Dans un extrait de l'émission L'instant de luxe de Non Stop People, diffusé par Jean-Marc Morandini, Najoua Belyzel est revenue sur un événement traumatisant de sa vie pour la première fois.

Celle qui a été connue pour sa chanson "Gabriel", véritable carton en 2005, a confié à la chaîne française que de ses 10 à 13 ans, elle a été la cible d'attouchements sexuels de la part de son médecin traitant, qui était également le médecin de toute la famille. "Il n’y a pas eu de suite [judiciaire] parce que cette personne-là s’est donné la mort par la suite", confie-t-elle d'emblée.

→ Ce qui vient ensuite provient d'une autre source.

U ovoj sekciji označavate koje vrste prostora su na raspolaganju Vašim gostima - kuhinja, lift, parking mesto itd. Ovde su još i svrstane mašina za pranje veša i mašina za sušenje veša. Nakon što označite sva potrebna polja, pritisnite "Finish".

Avant de revenir plus longuement sur cette triste période de sa vie: “À un moment donné, ce médecin a pris le dessus sur moi. Il avait une sorte d’emprise sur ma famille aussi. Il appelait mes parents pour savoir si j’allais bien. Même un rhume était un prétexte pour que je me retrouve dans son cabinet. Et donc lorsque je me retrouvais dans son cabinet pour un rhume, au départ c’était une consultation tout à fait normale, mais qui se terminait dans la culotte”, confie la chanteuse, qui lors de sa jeunesse urinait parfois inconsciemment. C'est donc cette excuse que son médecin utilisait.

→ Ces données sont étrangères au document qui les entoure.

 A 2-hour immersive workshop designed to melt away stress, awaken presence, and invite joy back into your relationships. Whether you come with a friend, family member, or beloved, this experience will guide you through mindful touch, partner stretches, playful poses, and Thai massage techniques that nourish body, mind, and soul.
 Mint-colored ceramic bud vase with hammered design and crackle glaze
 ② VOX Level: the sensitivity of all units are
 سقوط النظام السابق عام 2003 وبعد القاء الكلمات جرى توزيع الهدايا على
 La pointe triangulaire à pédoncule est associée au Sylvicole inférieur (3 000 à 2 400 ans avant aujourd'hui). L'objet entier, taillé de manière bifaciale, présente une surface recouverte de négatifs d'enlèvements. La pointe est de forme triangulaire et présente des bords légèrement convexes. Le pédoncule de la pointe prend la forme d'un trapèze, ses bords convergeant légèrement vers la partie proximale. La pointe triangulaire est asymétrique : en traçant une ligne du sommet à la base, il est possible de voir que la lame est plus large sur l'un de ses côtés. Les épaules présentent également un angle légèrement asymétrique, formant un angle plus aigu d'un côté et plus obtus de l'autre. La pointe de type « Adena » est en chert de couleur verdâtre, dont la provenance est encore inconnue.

Et ce dernier n'était pas à son coup d'essai. Najoua Belyzel l'a constaté lorsqu'elle était au tribunal. "On m'a raconté tout ce qu'il a fait. Il était sur écoute depuis des années, il a violé sa fille pendant de nombreuses années et d'autres filles. Ses victimes, ce ne sont que des enfants d'immigrés dont la sexualité est taboue. Un jour, il a été arrêté, mis en prison et il s'est pendu avec une ceinture", raconte-t-elle.

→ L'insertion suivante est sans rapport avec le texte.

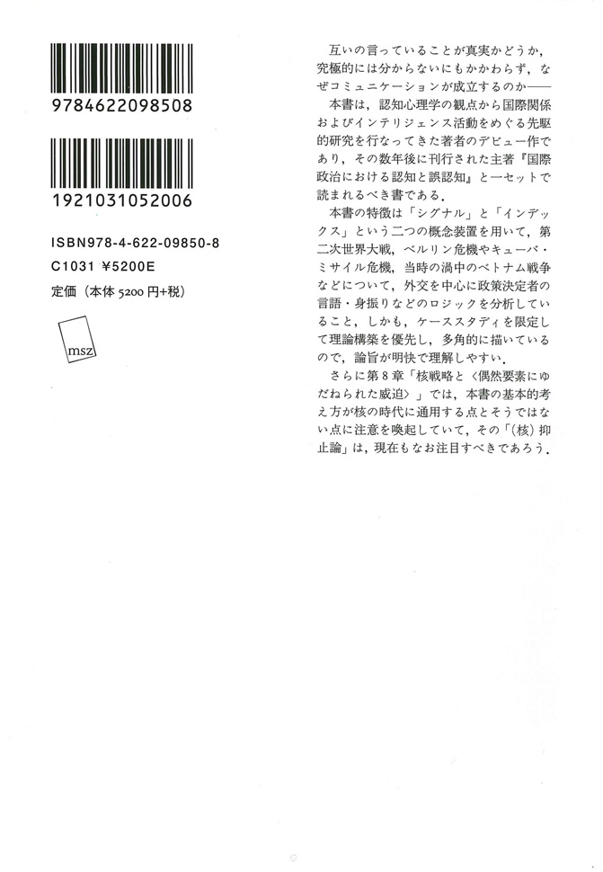 本書の特徴は「シグナル」と「インデックス」という二つの概念装置を用いて、第二次世界大戦、ベルリン危機やキューバ・ミサイル危機、当時の渦中のベトナム戦争などについて、外交を中心に政策決定者の言語・身振りなどのロジックを分析していること、しかも、ケーススタディを限定して理論構築を優先し、多角的に描いているので、論旨が明快で理解しやすい。
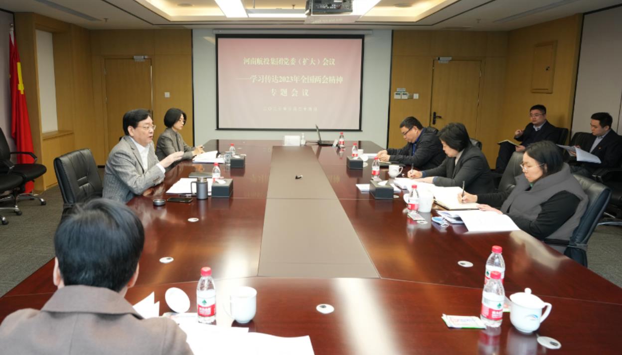 3月24日,河南航投集團召開黨委(擴大)會議,集中學習習近平總書記重要講話和全國兩會精神,安排部署貫徹落實工作。集團黨委書記、董事長張明超主持會議,領導班子其他成員和部分中層管理人員參會。
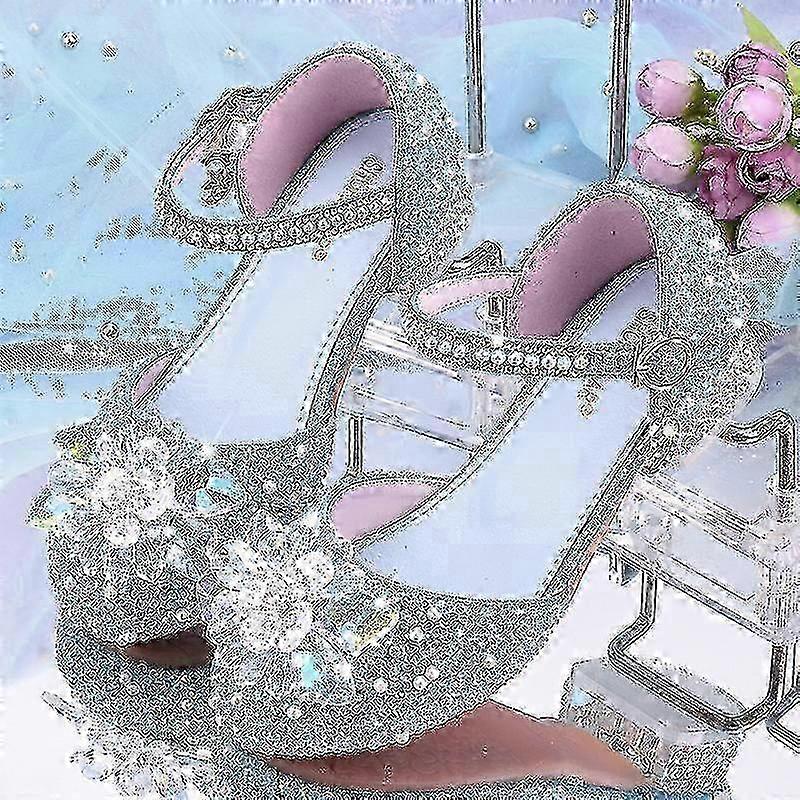 Girls Crystal Shoes Cinderella Princess Shoes Children's High Heels Glass Rhinestone Girls Shoes
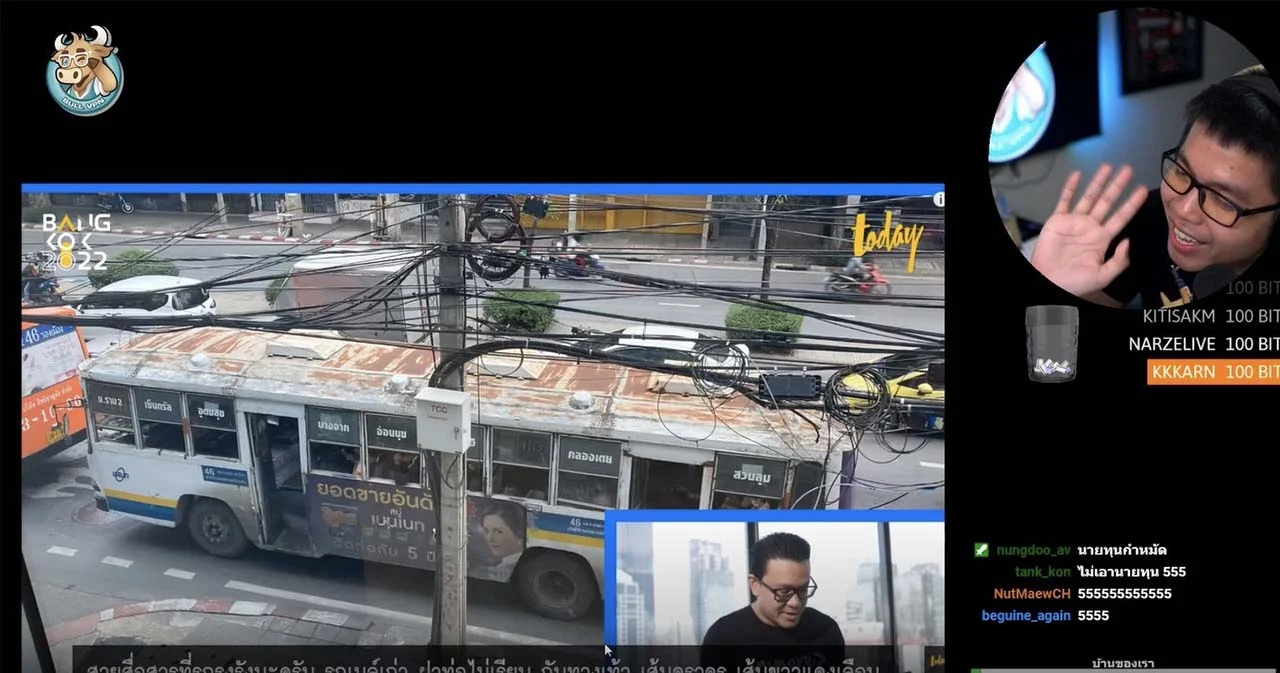 ที่ให้ด่าได้บ้างเนี่ย โอเค เอารวม ๆ ไม่นับว่าเป็นงานของใครก่อน สายสื่อสารที่รกรุงรังนะครับ รถเมล์เก่า ฝาท่อไม่เรียบ กับทางเท้า เส้นจราจร เส้นขาวแดงเลือน แล้วก็มอเตอร์ไซค์บนทางเท้า แล้วก็รถโคตรติดเลย แต่ถ้าเป็นสิ่งที่ทาง กทม. ที่เกี่ยวกับหน้างานเนี่ย ว่าไอ้เรื่องสายสื่อสารเนี่ยมันสามารถร่วมกับ กสทช. ได้ ในการที่จะจัดเก็บนะครับ เรื่องฝาท่อก็ กทม. อยู่แล้ว ก็ต้องมาทําให้มันเรียบรวมถึงทางเท้าที่ผุพัง ส่วนเรื่องการขีดสีตีเส้นสัญญาณขาวแดงหรือเส้นจราจรก็งาน กทม. อยู่แล้วนะครับ เรื่องมอเตอร์ไซค์บนทางเท้าอันนี้ก็งาน กทม. เหมือนกัน ก็สามารถบังคับใช้กฎหมายได้ ซึ่งผมก็ปรับอยู่แล้วทุกครั้งสองพันบาท ส่วนรถเมล์เก่าอันนี้เป็นของ ขสมก. นอกเหนือจากงาน กทม. แต่ว่าถ้าเป็น กทม. ทําเนี่ย ก็เป็นรถบัส Feeder EV เราจะทําเป็นรถใหม่ เพราะฉะนั้นไอ้กงไอเก่านี่ถ้า กทม. ทําคงไม่ได้เห็น

Après le succès de sa chanson "Gabriel", Najoua Belyzel avait écrit une autre chanson, intitulée "Docteur gel", dans laquelle elle parlait justement des attouchements sexuels dont elle était victime: "Le nom d'un de mes titres correspond au nom du médecin. On a juste changé l'orthographe. Je le nomme sans le nommer. À l'époque, ma maison de disque m’a dit de ne pas trop parler de ça. Ce n’était pas un sujet qu'il fallait que je mette en avant, affirme-t-elle.